» Sob sie 24, 2013 19:35
Re: Kumiko ,plaskata dziewczynka MA JUŻ DOM !!! :)
Wymacałam małego guziołka u Kumiko.
Tak w połowie odległości między ostatnim dolnym sutkiem z lewej strony a lewa pachwiną.
Prawie zawału dostałam, że to listwa mleczna, ale twardo się trzymałam wersji, że to węzeł chłonny.
Wczoraj wet obmacał na wszystkie strony (myślałam, że znaleźć nie może, bo to malutkie), ale okazało się, że znalazł od razu, tylko sprawdzał przesuwność, kształt, twardość, konsystencję, itd - co tam się dało przez skórę.
Wykluczył węzeł chłonny, bo te są jednak dalej i głębiej w pachwinie, ale stwierdził, że wg niego to coś jest już poza listwą mleczną.
Oczywiście bez histopatologii się w 100% i autorytatywnie nie wypowie, ale stawia, że to tłuszczak. I nie widzi potrzeby przyspieszania sterylki (bo wówczas to wyciepie i na hist.pat. puścimy, żeby mieć możliwość świętowania, że to faktycznie tylko tłuszczak). Bo jakby podejrzewał listwę mleczną, to pewnie byśmy sterylkę przyspieszyli. Ufff - z wielkiego stresu został stresik malutki, do czasu wyciachania i badań. No i obserwować mamy, ale to nie problem, bo dziewczynkę codziennie obracamy kilka razy (przy czesaniu, przemywaniu oczek, dawaniu do pysia uodparniacza, zwykłym mizianiu). Jakby się - odpukać - powiększało, to będziemy się zastanawiać na gorąco.
Specjalnie Kumisię do weta zawiozłam rano - na głodnego (bo wieczorem chrupki nawet zabrałyśmy, żeby była na czczo). I od razu badania krwi zrobione. Nie chce mi się przepisywać, więc tak w skrócie z morfologii i biochemii: anemii i stanu zapalnego nie ma, hemoglobina w normie, białko i cukier w normie, nerki i wątroba ok. Leciuteńko jeszcze morfologia rozjechana w zakresie niektórym "M-cośtam" i rozmazu, ale wet mówi, że to jeszcze po wycieńczeniu i jedzeniem unormujemy. I że jest dobrze, i że w zasadzie nawet już by można Kumisię zaszczepić. Mamy nowy uodparniacz (betaglukan + takie coś na przyrost masy mięśniowej), więc jeszcze kilka dni go w pysio powciskam (bo to taka pasta w kręcielkach) i zaszczepimy. A sterylkę dalej planujemy pod koniec września albo na początku października.
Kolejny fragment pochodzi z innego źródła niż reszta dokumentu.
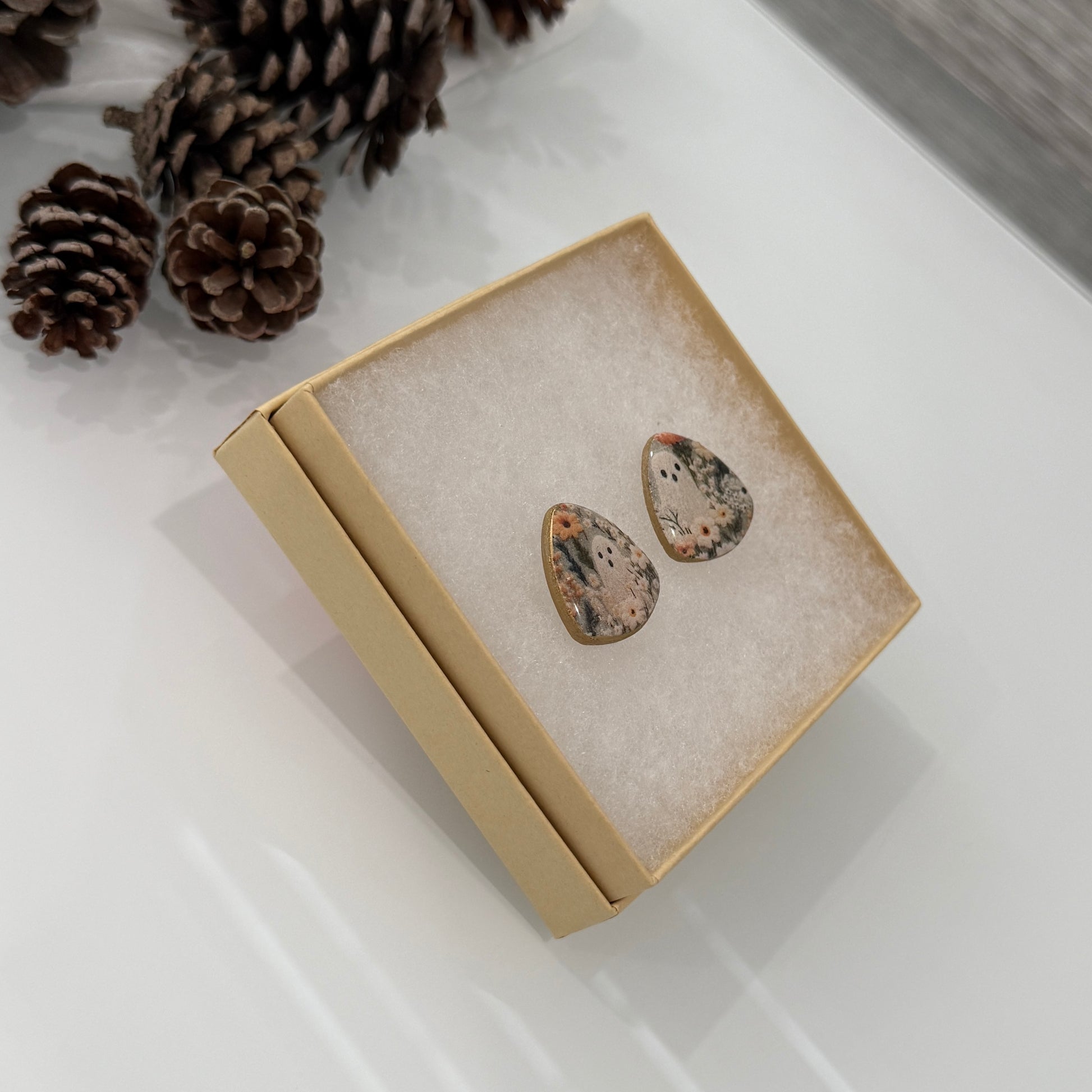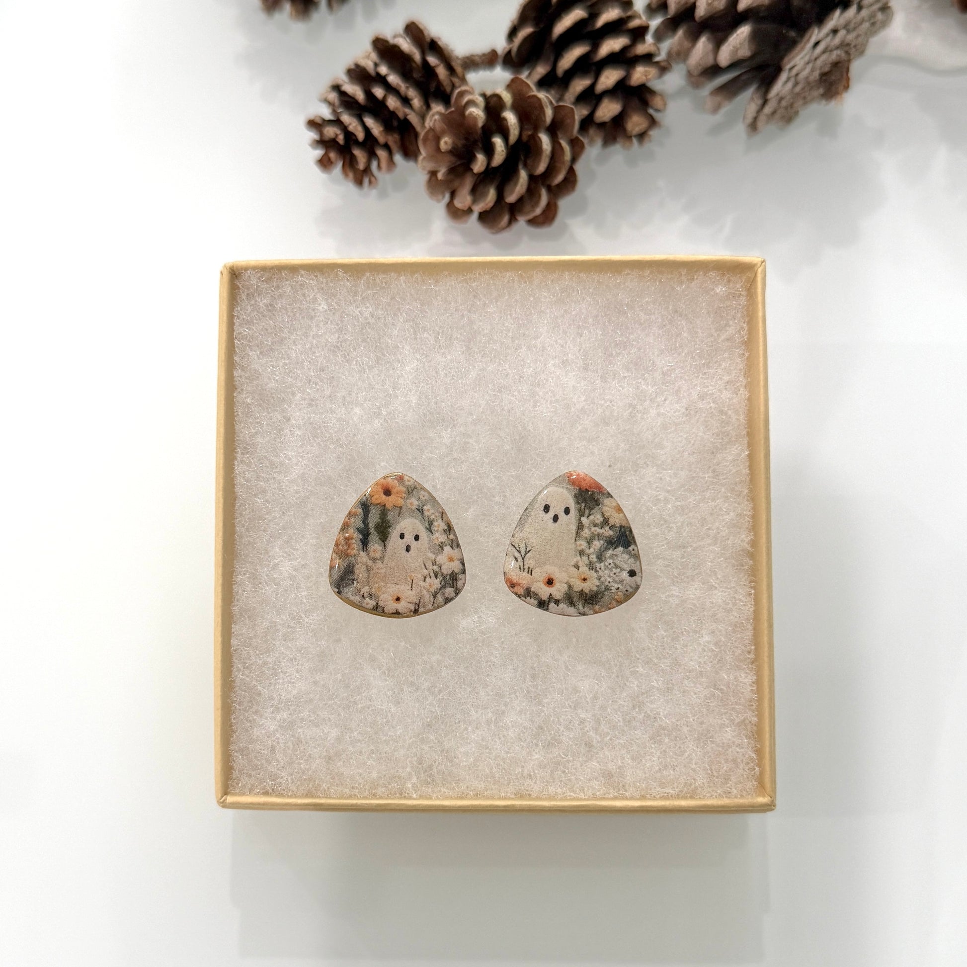 Rounded triangle Spooky print with shiny resin: Approximate size 24mm.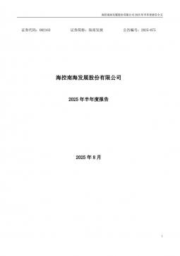 [企业年报]海南发展:2025年半年度报告(银创产业通www.chanyetong.net)

No. Dziewczynka jest generalnie zdrowa. I sił nabiera. I nawet już biegać zaczyna i się bawi. I ja niezmiennie się jej z żarciem kojarzę.
Futerko mięciutkie się jej robi. Jest bardzo grzeczna. U weta też była grzeczniutka. Troszkę zrezygnowana na zasadzie "znowu mnie będą męczyć?", ale super grzeczna. Tylko krwi nie chciała oddać. Za to po wyjęciu igły nie chciała jej sobie zatrzymać, więc dostała na łapkę gustowny opatrunek.